YOUR ASSIGNMENT: I would like the line with "車の出し入れに邪魔にならない" and every line after it, down to the end of the entries below, output exactly and without pictures.

Data records:

■ ■ ■

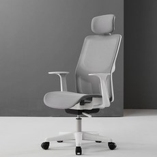 Kurua 라텍스 사무용 메쉬의자 의자 화이트+그레이, 라텍스+헤드레스트/팔조절
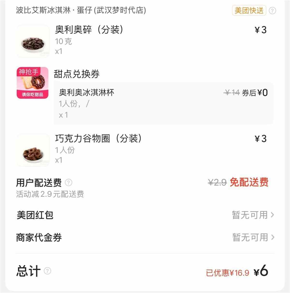以参与活动的波比艾斯冰淇淋为例,可用券兑换一个原价14元的“奥利奥冰淇淋杯”,但达不到商家的满20元的起送门槛。记者又加购了奥利奥碎、巧克力谷物圈两款各3元的小料,凑够起送门槛后,在免配送费的情况下,最终需支付6元。
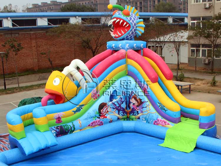 產(chǎn)品名稱:食人魚充氣水滑梯產(chǎn)品規(guī)格:8*6.2*6.2m選配水池:充氣水池產(chǎn)品材料:一等環(huán)保夾網(wǎng)pvc配置:風(fēng)機(jī)、布料、膠水充氣方式:連續(xù)性充氣使用壽命:10-12萬人次保修期:3年產(chǎn)品描述: 食人魚充氣水滑梯描述一條食人魚立在滑梯頂端,爬梯中間是半條只剩骨架的魚身,小朋友通過魚骨架下邊攀爬到滑梯頂端,從側(cè)面滑下,過程驚險刺激。適合做為移動水上樂園設(shè)備。適合人群: 3-16歲兒童適用場地: 可用于城市廣場、公共休閑空地、公園、操場、景區(qū)、度假村、體育場館、城鄉(xiāng)結(jié)合空曠處和小河、湖泊、海邊等區(qū)域,無需基建,設(shè)施可移動組合,不長期占用、傷害場地。溫馨提醒 在購買充氣水滑梯時,您不但要考慮價格,更要重視質(zhì)量,優(yōu)質(zhì)的pvc材質(zhì)能提高產(chǎn)品安全保障和使用壽命。
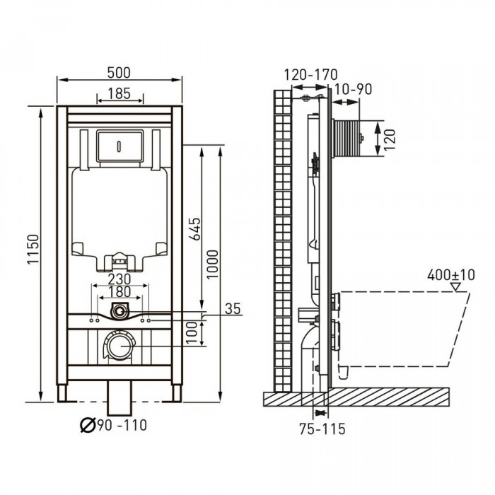 Инсталляция Volle MASTER 141919 + Унитаз Kolo IDOL сиденье полипропилен + белая клавиша (M1310000U+141919)...
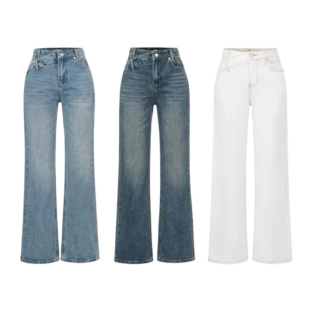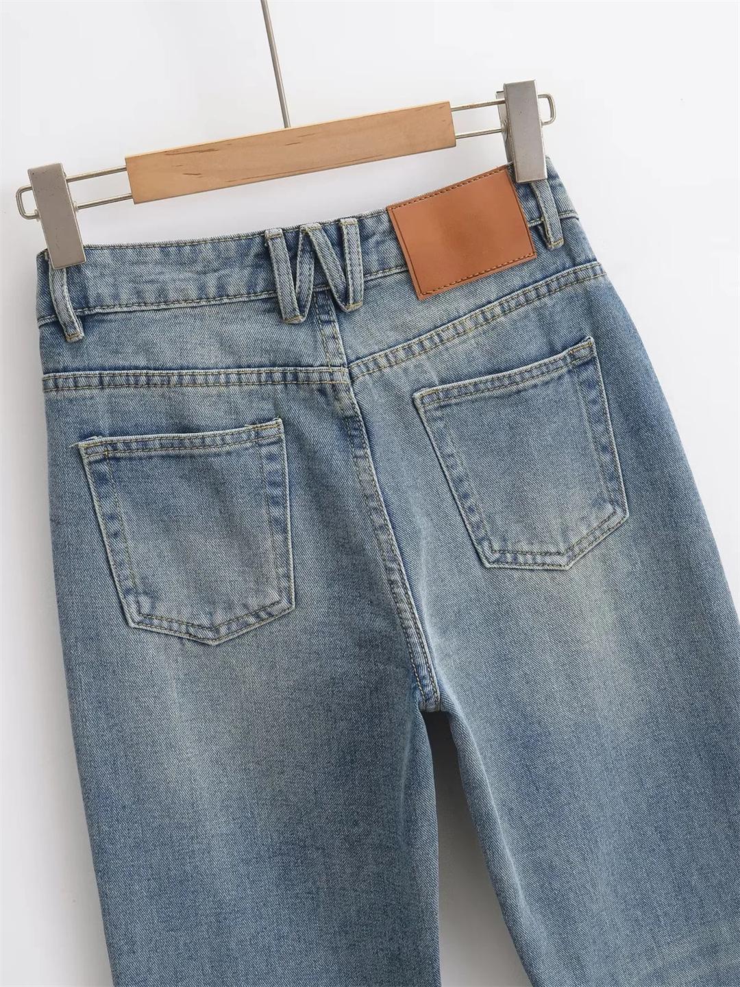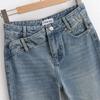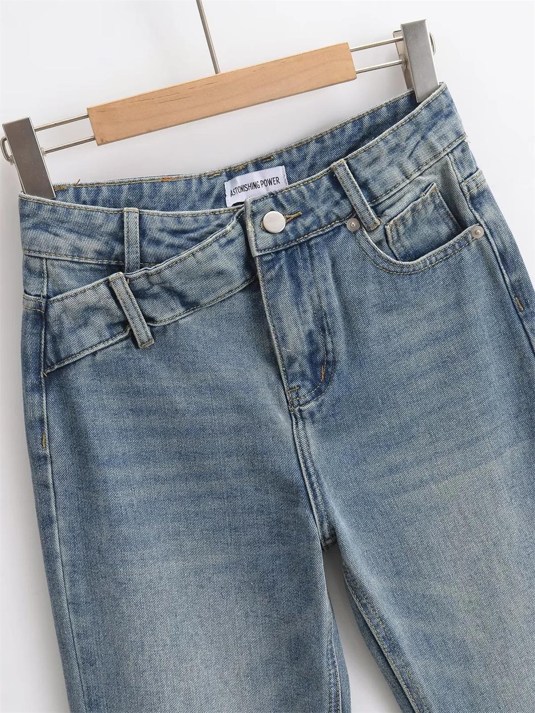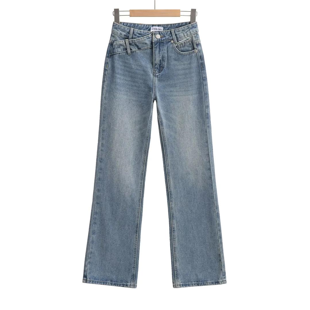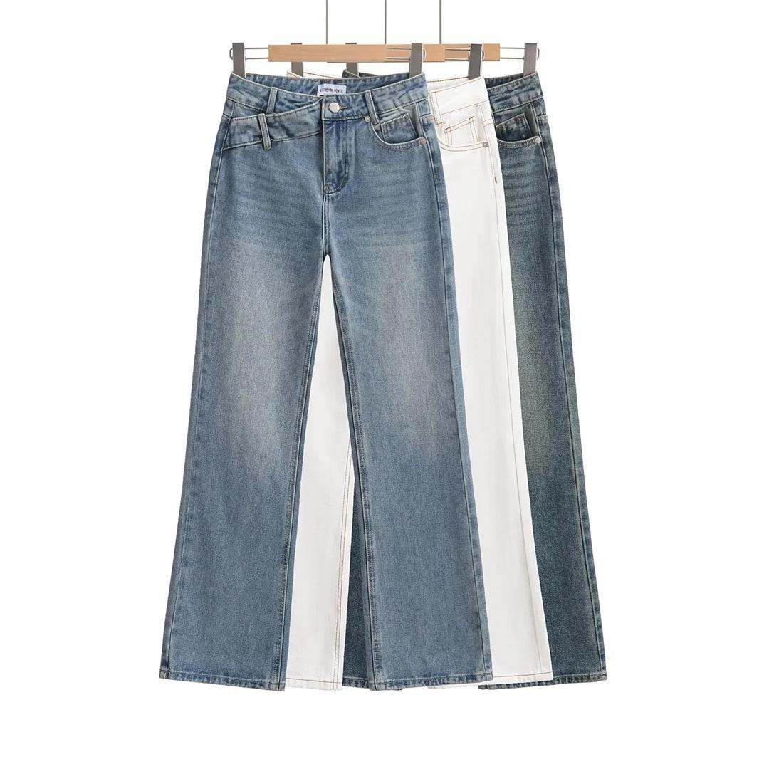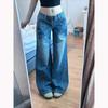 Pantalones Americanos Retro de Cintura Baja Irregulares Hot Girl Sueltos de Pierna Ancha Primavera Nuevos Jeans de Pierna Recta Pantalones de Mujer
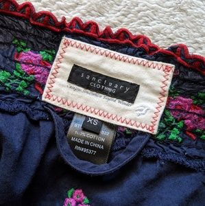 Cute embroidered tank top with adjustable straps. Very little elastic in the top part. Tag says XS but it is too large for me and I usually wear a S. I'd call it a small/medium. Free of stains or tears.
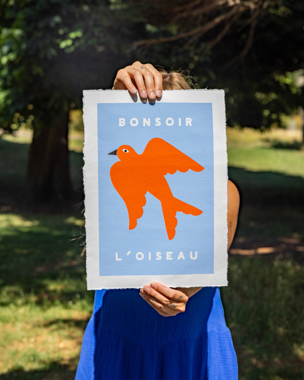 Add a touch of playful charm to your space with this delightful limited edition A3 art print by Mélanie Johnsson. Featuring a bold orange bird in flight and the French words “Bonsoir L’Oiseau.”
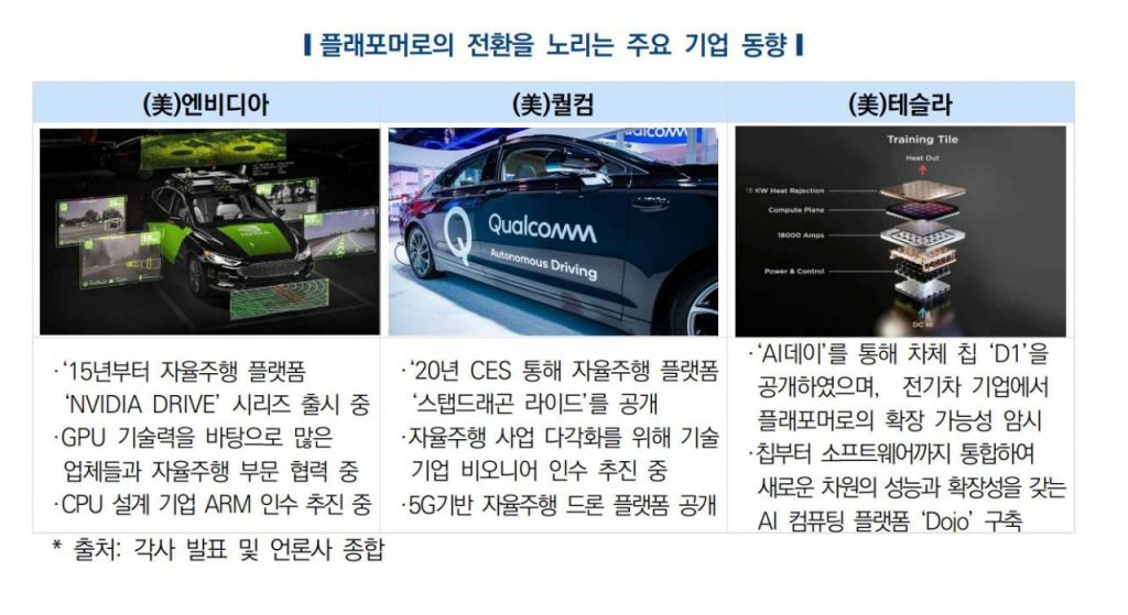 보고서는 이들 플래포머가 반도체부터 자율주행 소프트웨어까지 전 분야를 패키지화해 자율주행이 필요한 자동차 업체에 턴키 방식으로 공급해 시장 지배력 강화와 수익 극대화 추진 가능하다고 강조했다.
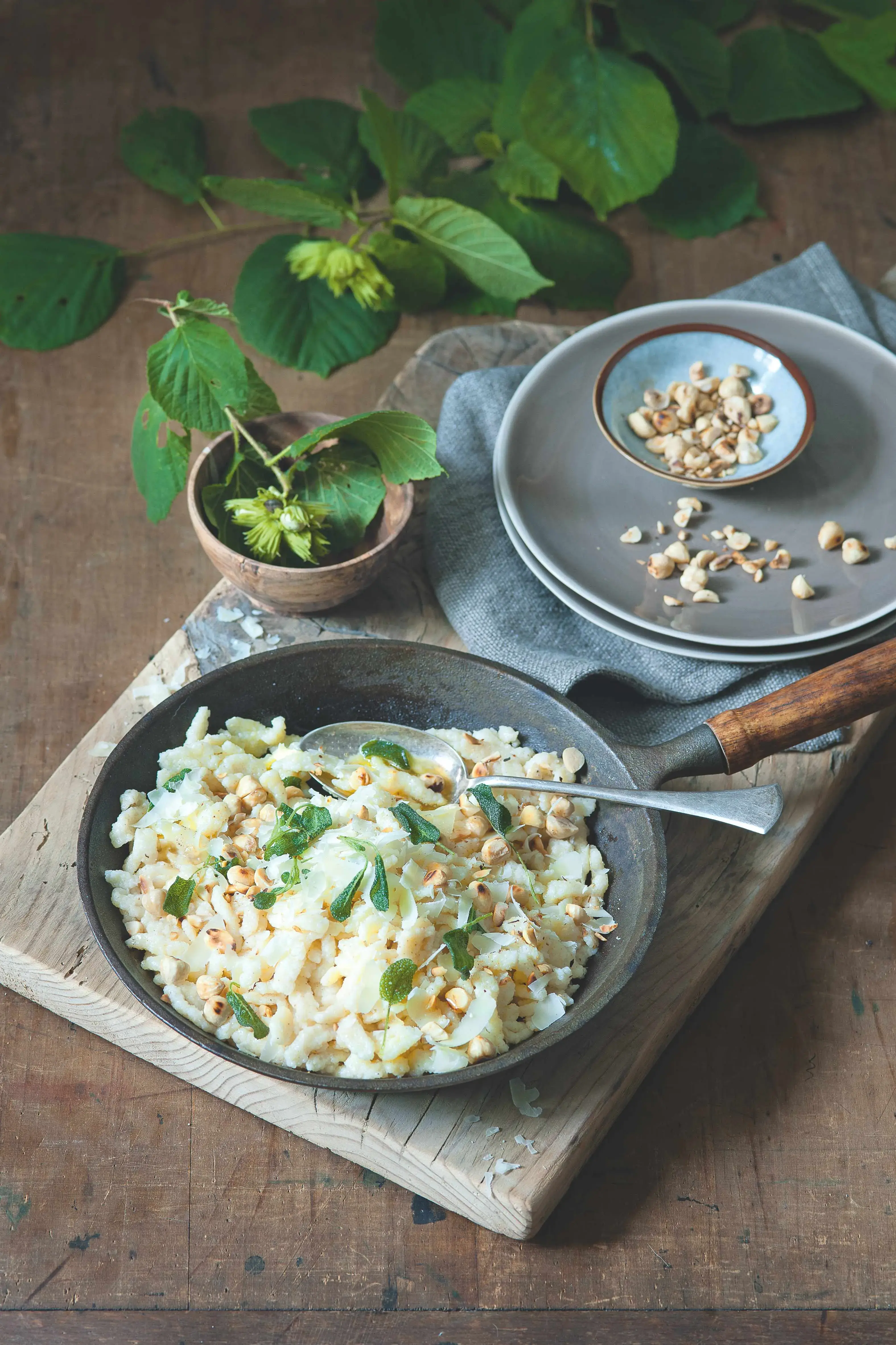 Špecle (z německého Spätzle) jsou malé moučné nočky, podobné slovenským haluškám. Přestože jim také sluší kombinace uzeného masa se zelím, my se rozhodli pro méně všední záležitost. Tou je spojení opečených lístků čerstvé šalvěje, lískových oříšků a parmazánu.
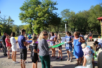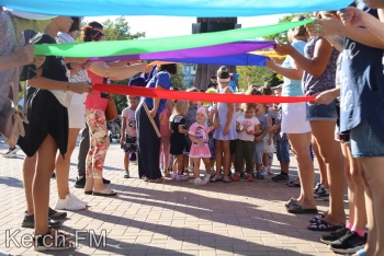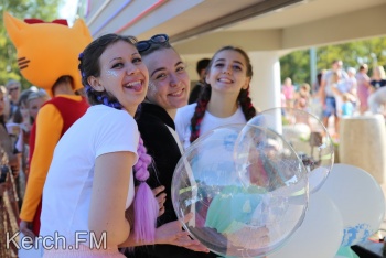 У «Крымского моста» расположилась сцена, где выступают юные артисты коллективов города. У детской площадки аниматоры подготовили праздничную программу.
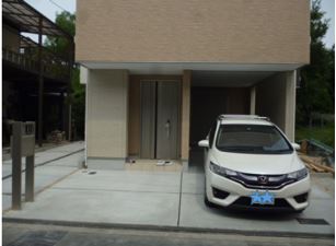 車の出し入れに邪魔にならない様に柱を敷地隅で建てて屋根を取付けています。また、オプションでさいどパネルを取付けているので、お隣の方の視線を気にしなくて済みます。
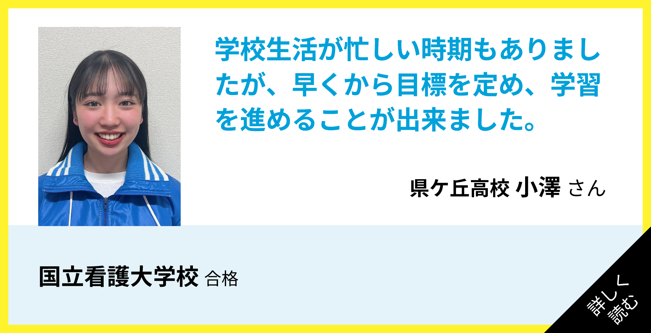 学校生活が忙しい時期もありましたが、早くから目標を定め、学習を進めることが出来ました。
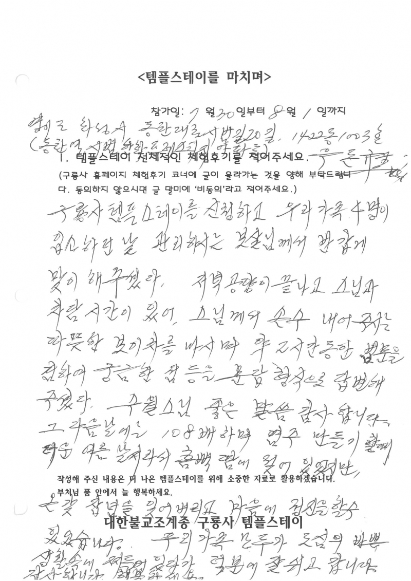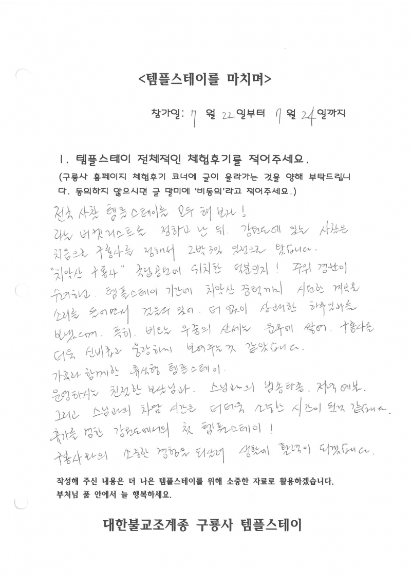템플스테이. 033-731-0503E-Mail. guryongsa@hanmail.net
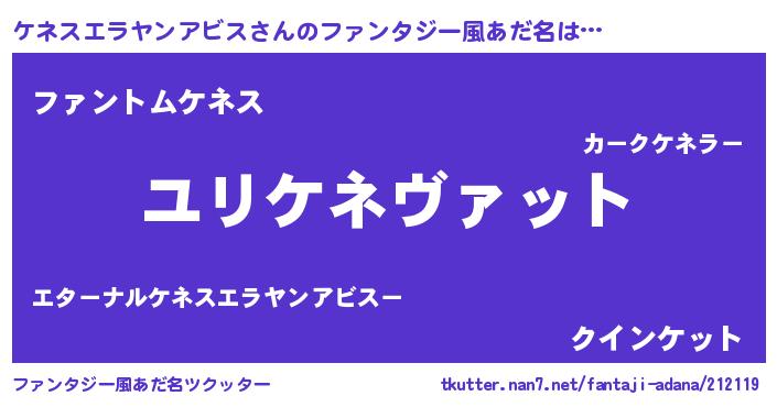 | 男性向けラノベタイトル風あだ名 | 『ケネスエラヤンアビススレイヤー』 |

■ ■ ■

SOLUTION TO THE PROBLEM:
 車の出し入れに邪魔にならない様に柱を敷地隅で建てて屋根を取付けています。また、オプションでさいどパネルを取付けているので、お隣の方の視線を気にしなくて済みます。
 学校生活が忙しい時期もありましたが、早くから目標を定め、学習を進めることが出来ました。
템플스테이. 033-731-0503E-Mail. guryongsa@hanmail.net
 | 男性向けラノベタイトル風あだ名 | 『ケネスエラヤンアビススレイヤー』 |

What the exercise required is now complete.